About a week or so back, I noticed that the way the Dishplayer was handling reminders had changed. In the past, when I set a reminder, I would select the remind button and get a screen with two radio buttons, the lower being to switch to the selected channel/program. I could not go directly to that choice, using the up arrow took you to the top menu item first. Now when I get that screen, and use the up arrow, it goes directly to the lower radio button. 

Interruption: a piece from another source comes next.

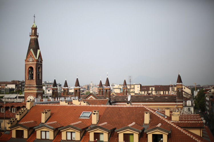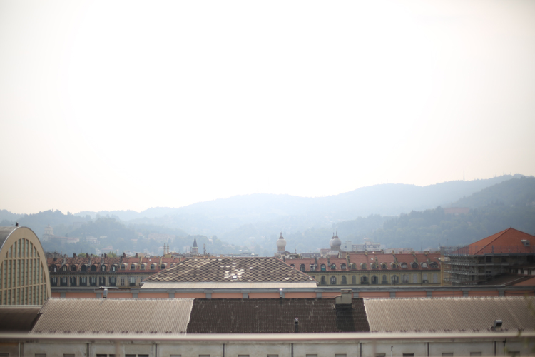 Il a fait très très chaud ce week-end, « l’afa » plombait la ville avec plus de 35°C. C’est d’ailleurs ce mélange de brouillard gris et de pollution que englobe la ville que l’on peut voir depuis ce magnifique rooftop du Turin Palace Hotel qui contrairement à son nom n’est pas un palace mais un hôtel 4 étoiles. Il est hyper bien placé, fraîchement rénové, j’ai vraiment beaucoup aimé cet hôtel. Les chambres sont spacieuses et calmes (ce qui est rares en Italie), et le petit déjeuner est vraiment dingue.

I don't see any change in either the receiver or webtv software to warrant this. do they make minor changes that are not reflected by new software revisions?


----------



## Nick (Apr 23, 2002)

Both my DPs still go to the upper check box first, but when I drop down to check the lower box and then hit 'Done', I get a long delay before anything happens. Have you noticed this?


----------



## crkeehn (Apr 23, 2002)

That was the way mine used to work. Now it goes directly to the lower box. I don't really pay attention to the resulting delay. I have been so used to waiting for it, I can't say whether it's any faster. I'll try it today and see what happens.


----------



## crkeehn (Apr 23, 2002)

> _Originally posted by Nick _
> *Both my DPs still go to the upper check box first, but when I drop down to check the lower box and then hit 'Done', I get a long delay before anything happens. Have you noticed this? *


Nick, I just went back and set a timer for this morning. As I had mentioned, it allowed me to go directly to the switch channels selection. In addition, the response was MUCH quicker. Rather than clicking on continue and waiting for 4-5 seconds for a response, I got the Done button in less than a second. As I had said, I'm not aware of any change in software, my machine just starting doing it a week or so ago. I like it.:hurah:


----------



## Guest (Aug 9, 2002)

Go to the system info page. Is the word "Leviathan" anywhere on it? 

Odyessey 5 viewers will get this.


----------